Their view: Ethanol mandate hurts cattle growers

Exceprts from a press release on waiving the Renewable Fuels Standard issued by the The Texas and Southwestern Cattle Raisers Association.

The Texas and Southwestern Cattle Raisers Association joined Texas Gov. Perry to call on the Environmental Protection Agency to waive all or part of the Renewable Fuels Standard.

In a letter to Lisa Jackson, administrator to the EPA, Perry stated that the fact that more than 40 percent of the U.S. annual corn supply was to used to meet the RFS corn-based ethanol requirement and that this threatens the sustainability of agricultural producers.

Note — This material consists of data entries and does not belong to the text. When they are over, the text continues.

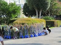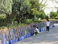 1年生が,毎朝,『アサガオの世話』をしています。きれいに咲いた夏の主役だった「アサガオ」。まだ花の咲いている鉢もあります。「種取り」ができるまで,しっかりと観察しながら世話をしていきます。ありがとう。「アサガオ」さん!
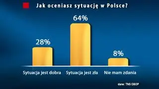 64 proc. badanych uważa, że sprawy w kraju idą w złym kierunku. Kryzys dostrzega zdecydowana większość społeczeństwa - ponad 70 proc.
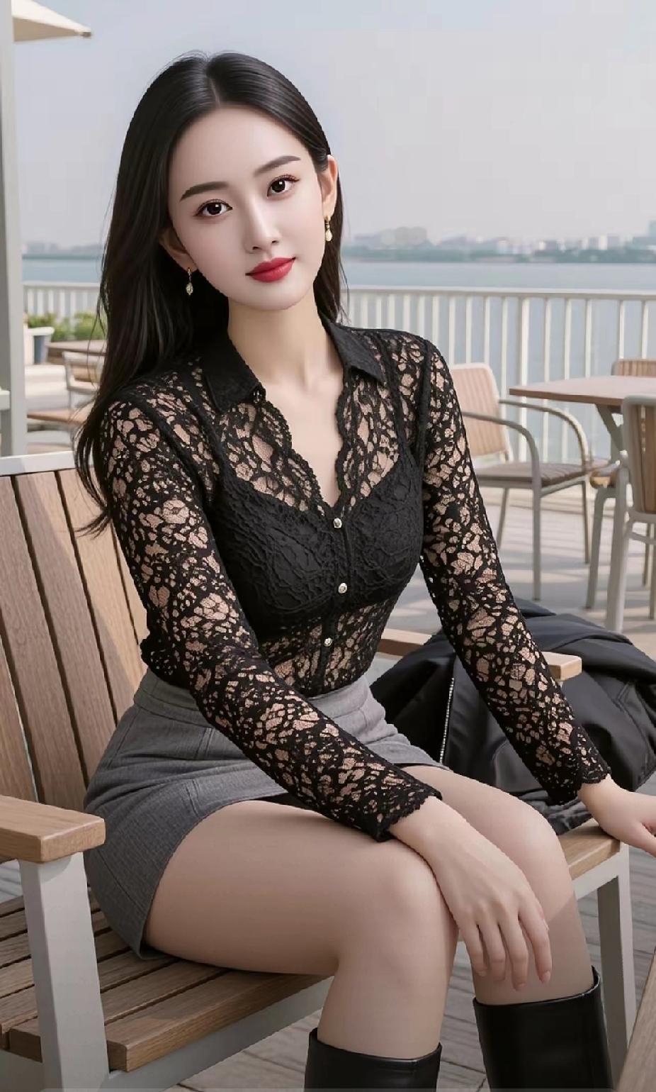 优雅黑蕾丝连衣裙,搭配高筒靴,都市时尚感十足!

Federal law allows the EPA administrator to waive the RFS requirements for up to one year if their implementation would severely harm the economy or environment of a state, a region or the United States.

Joe Parker, rancher and TSCRA president, says that ranchers and consumers are both hurting because of the government-mandated standard that requires a certain amount of ethanol, most of which comes from corn, be produced on an annual basis regardless of the amount of corn available.

More corn diverted to ethanol has meant higher prices for feed and ultimately lower prices offered to cow-calf producers. This is especially true during times of extreme drought, when corn supplies are tight and/or cattle need to be fed more.

"It has been clear from the beginning that putting our food and fuel in competition with one another is bad for the cattle industry and ultimately bad for consumers," Parker said.

"This problem is magnified during times of extreme drought like the one we are in now," Parker said.

2011 was the first year ever that ethanol production has used more corn than feeding livestock and poultry in the U.S.

"The bottom line is that the government shouldn't be subsidizing or mandating ethanol production, especially when there's not enough corn to go around."